In this work, we focus on the problem of determining whether a given controller is safe or not, with respect to satisfying constraints imposed on the state space. To do so, we propose a novel safety verification algorithm for model-based RL controllers using forward reachable tube analysis that can handle NN based learnt dynamics and controllers, while also being robust against modeling error. The problem of determining the reachable tube is framed as an optimal control problem using the Hamilton Jacobi (HJ) partial differential equation (PDE), whose solution is computed using the level set method. The advantage of using the level set method is the fact that it can represent sets with non-convex boundaries, thereby avoiding approximation errors that most existing methods suffer from. Additionally, if a controller is deemed unsafe, we take a step further to identify if there are any starting conditions from which the given controller can be safely executed. To achieve this, a backward reachable tube is computed for the learnt model and, to the best of our knowledge, this is the first work which computes the backward reachable tube over an NN. Finally, empirical results are presented on two domains inspired by real-world applications where safety verification is critical.

2 Problem Setting

Let ${\mathbb{S}}\subset\mathbb{R}^{n}$ denote the set of states and ${\mathbb{A}}\subset\mathbb{R}^{m}$ denote the set of feasible actions for the RL agent. Let ${\mathbb{S}}_{0}\subset{\mathbb{S}}$ denote the set of bounded initial states and $\xi:=\{({\bm{s}}_{t},{\bm{a}}_{t})\}_{t=0}^{T}$ represent a trajectory generated over a finite time $T$ , as a sequence of state and action tuples, where subscript $t$ denotes the instantaneous time. Additionaly, let ${\bm{s}}(\cdot)$ and ${\bm{a}}(\cdot)$ represent a sequence of states and actions, respectively. The state constraints imposed on the system are represented as unsafe regions using bounded sets ${\mathbb{C}}_{s}=\cup_{i=1}^{p}{\mathbb{C}}_{s}^{(i)}$ , where ${\mathbb{C}}_{s}^{(i)}\subset{\mathbb{S}},\;\forall i\in\{1,2,\ldots p\}$ . The true system dynamics is given by a non-linear function $f:{\mathbb{S}}\times{\mathbb{A}}\rightarrow{\mathbb{R}}^{n}$ such that, $\dot{{\bm{s}}}=f({\bm{s}},{\bm{a}})$ , and is unknown to the agent.

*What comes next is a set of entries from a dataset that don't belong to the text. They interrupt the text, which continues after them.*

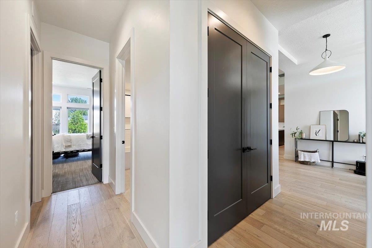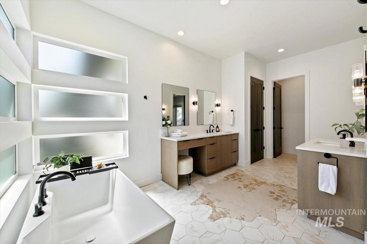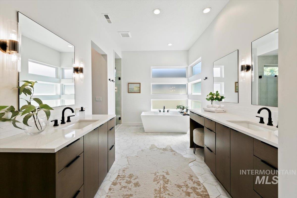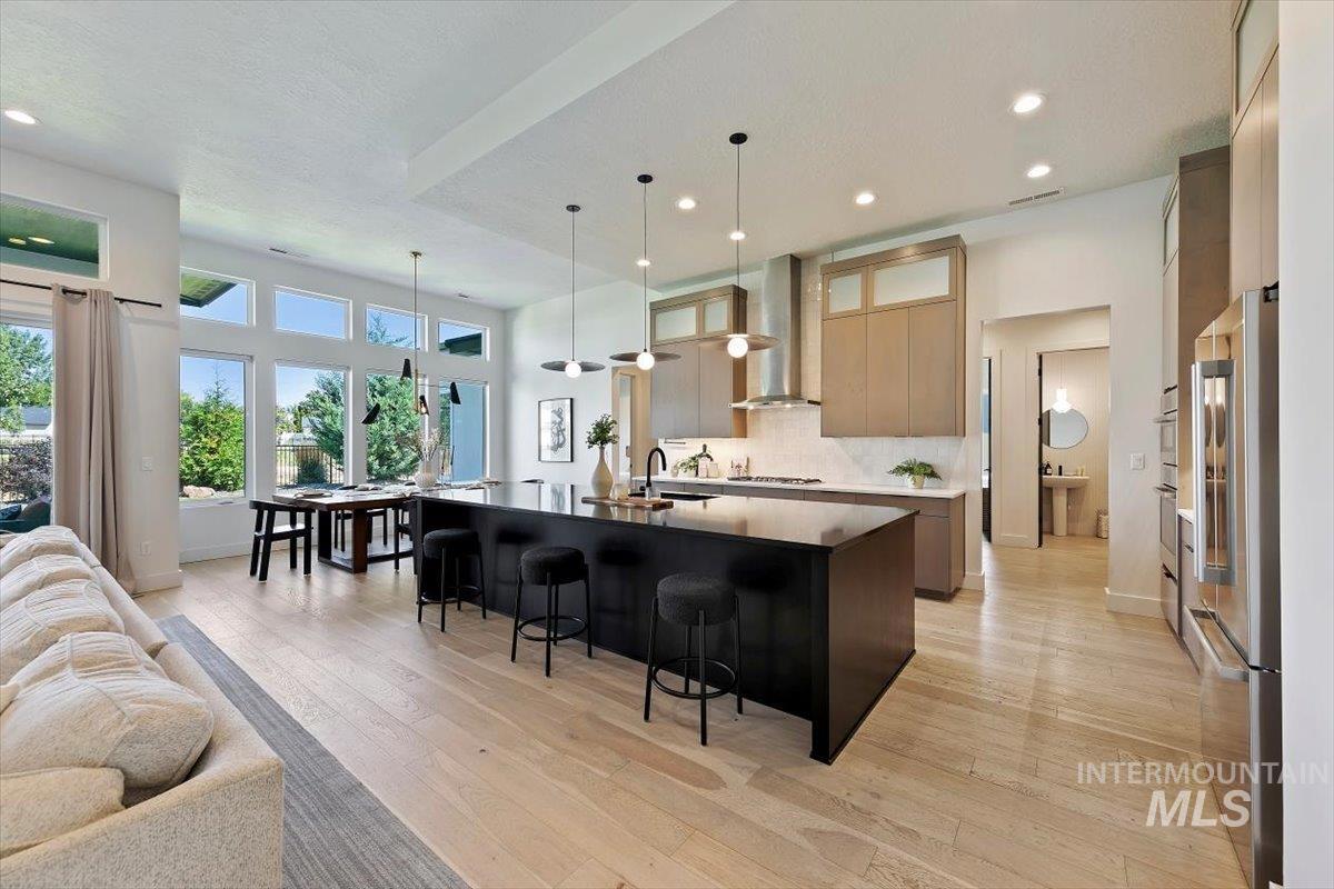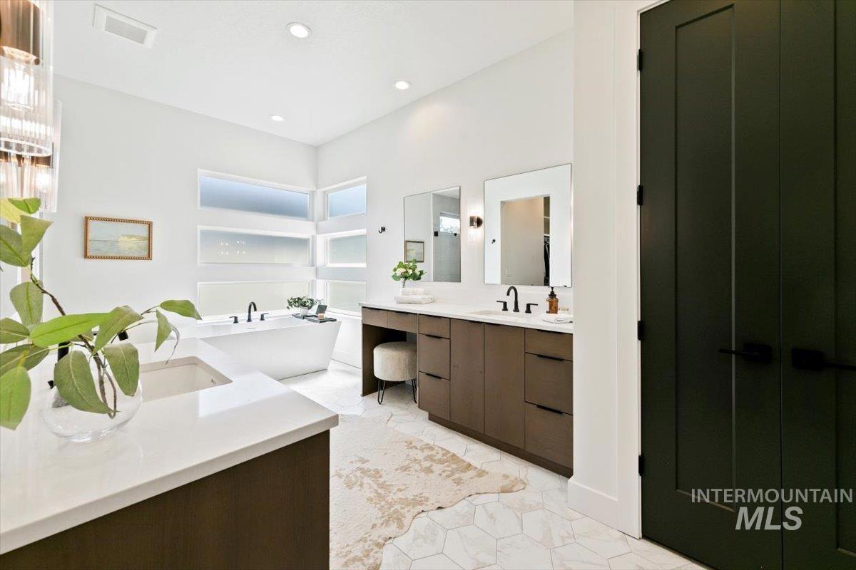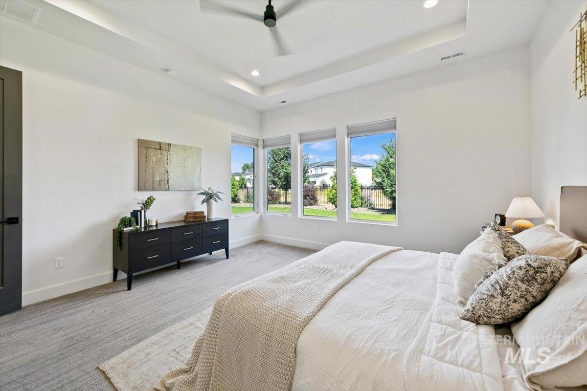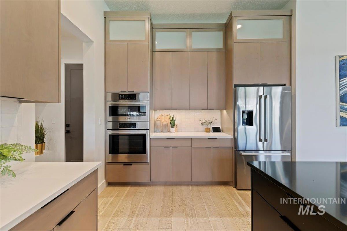 Welcome to this beautiful ZEC home in the highly desirable Movado Estates community, where thoughtful design meets luxury, comfort, and functionality. Inside, soaring 12’ and 10’ ceilings, transom windows, and an open-concept layout create a bright, inviting atmosphere. The chef-inspired kitchen features a Bosch 5-burner cooktop, Bosch chimney hood, and sleek quartz countertops, opening to a spacious living area centered around a cozy gas fireplace. The luxury primary suite is designed as a retreat, complete with a soaking tub, dual vanities, walk-in shower, and generous walk-in closet. Step outside to your private backyard oasis with full landscaping, a covered patio, hot tub, and no rear neighbors. An attached 3-car garage with epoxy-coated floors provides both storage and convenience, while community amenities include a pool, park, and walking paths, all just minutes from shopping, dining, and freeway access. This is Idaho living at its finest.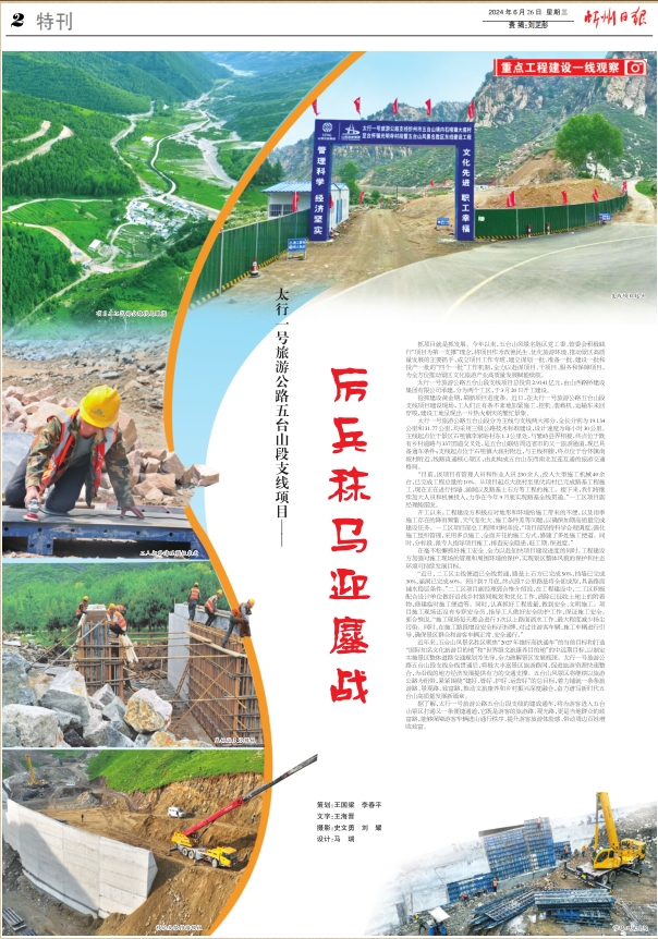 搶抓建設黃金期,刷新項目進度條。近日,在太行一號旅游公路五臺山段支線項目建設現場,工人們正有條不紊地加緊施工,挖機、裝載機、運輸車來回穿梭,建設工地呈現出一片熱火朝天的繁忙景象。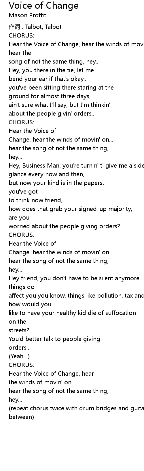 | Hear the Voice of Change, hear the winds of movin' on... | |

A model-based RL algorithm is used to find an optimal controller $\pi:{\mathbb{S}}\rightarrow{\mathbb{A}}$ , to reach a set of target states ${\mathbb{T}}\subset{\mathbb{S}}$ within some finite time $T$ , while avoiding constraints ${\mathbb{C}}_{s}$ . An NN model, $\hat{f}_{\bm{\theta}}:{\mathbb{S}}\times{\mathbb{A}}\rightarrow{\mathbb{R}}^{n}$ parameterized by weights ${\bm{\theta}}$ , is trained to learn the true, but unknown, system dynamics from the observed state transition data tuples $D=\{({\bm{s}}_{t},{\bm{a}}_{t},\Delta{\bm{s}}_{t+1})^{(i)}\}_{i=1}^{N}$ . However, due to sampling bias, the learnt model $\hat{f}_{\bm{\theta}}$ may not be accurate. We assume that it is possible to estimate a bounded set ${\mathbb{D}}\subset{\mathbb{R}}^{n}$ such that, at any state ${\bm{s}}\in{\mathbb{S}}$ , augmenting the learnt dynamics $\hat{f}_{\bm{\theta}}$ with some ${\bm{d}}\in{\mathbb{D}}$ results in a closer approximation of the true system dynamics at that particular state. Using this notation, we now define the problem of safety verification of a given controller $\pi({\bm{s}})$ .

Problem 1

(Safety verification): Given a set of initial states ${\mathbb{S}}_{0}$ , determine if $\,\,\forall{\bm{s}}_{0}\in{\mathbb{S}}_{0}$ , all the trajectories $\xi$ executed under $\pi({\bm{s}})$ and following the system dynamics $f$ , satisfy the constraints ${\mathbb{C}}_{s}$ or not.

The solution to Problem 1 will only provide a binary yes or no answer to whether $\pi({\bm{s}})$ is safe or not with respect to ${\mathbb{S}}_{0}$ . In the case where the policy is unsafe, a stronger result is the identification of safe initial states ${\mathbb{S}}_{safe}\subset{\mathbb{S}}_{0}$ from which $\pi({\bm{s}})$ executes trajectories which always satisfy the constraints ${\mathbb{C}}_{s}$ . This problem is stated below.

Problem 2

(Safe initial states): Given $\pi({\bm{s}})$ , find ${\mathbb{S}}_{safe}$ , such that, any trajectory $\xi$ executed under $\pi({\bm{s}})$ and following the system dynamics $f$ , starting from any ${\bm{s}}_{0}\in{\mathbb{S}}_{safe}$ , satisfies the constraints ${\mathbb{C}}_{s}$ .

3 Safety Verification

To address Problems 1 and 2, we use reachability analysis. Reachability analysis is an exhaustive verification technique which tracks the evolution of the system states over a finite time, known as the reachable tube, from a given set of initial states ${\mathbb{S}}_{0}$ (Maler, 2008). If the evolution is tracked starting from ${\mathbb{S}}_{0}$ , then it is called the forward reachable tube and is denoted as ${\mathbb{F}}_{R}(T)$ . Analogously, if the evolution is tracked starting from ${\mathbb{C}}_{s}$ to ${\mathbb{S}}_{0}$ , then it is called the backward reachable tube and is denoted as ${\mathbb{B}}_{R}(T)$ .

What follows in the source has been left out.